Published 18 Apr 2024 in cs.AI, cs.LG, cs.LO, and stat.ML
Towards Large Language Models as Copilots for Theorem Proving in Lean

Abstract: Theorem proving is an important challenge for LLMs, as formal proofs can be checked rigorously by proof assistants such as Lean, leaving no room for hallucination. Existing LLM-based provers try to prove theorems in a fully autonomous mode without human intervention. In this mode, they struggle with novel and challenging theorems, for which human insights may be critical.

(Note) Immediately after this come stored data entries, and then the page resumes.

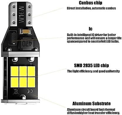 gunhunt Lot de 2 feux d’éclairage de voiture, feu de recul T15, ampoule LED super lumineuse, décodage haute puissance, ampoules à puce 3535, extrêmement super lumineuses, remplacement d’ampoules universelles (lumière blanche)
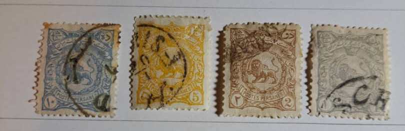 شرح کالا: چهار رقم از تمبرهای مظفرالدین شاه سال 1278
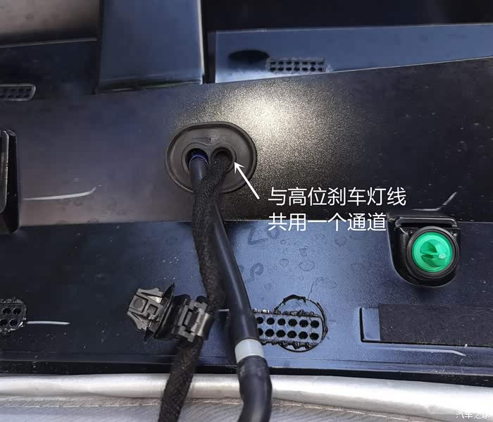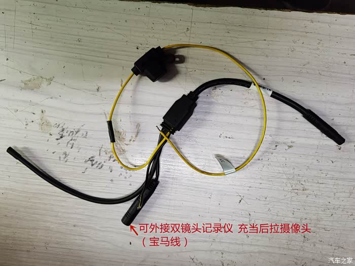 剪短主机电源线,我特地查过这个接记录仪的功能。可以接在双摄像头记录仪上(这个线头我剪开了,里面只有两根线,经测试无信号输出,我打电话到厂家售后咨询过,确定这条线没有作用,接不了记录仪)。

In this paper, we explore LLMs as copilots that assist humans in proving theorems. We introduce Lean Copilot, a framework for running LLM inference in Lean. It enables programmers to build various LLM-based proof automation tools that integrate seamlessly into the workflow of Lean users. Using Lean Copilot, we build tools for suggesting proof steps (tactic suggestion), completing intermediate proof goals (proof search), and selecting relevant premises (premise selection) using LLMs. Users can use our pretrained models or bring their own ones that run either locally (with or without GPUs) or on the cloud. Experimental results demonstrate the effectiveness of our method in assisting humans and automating theorem proving process compared to existing rule-based proof automation in Lean. We open source all codes under a permissive MIT license to facilitate further research.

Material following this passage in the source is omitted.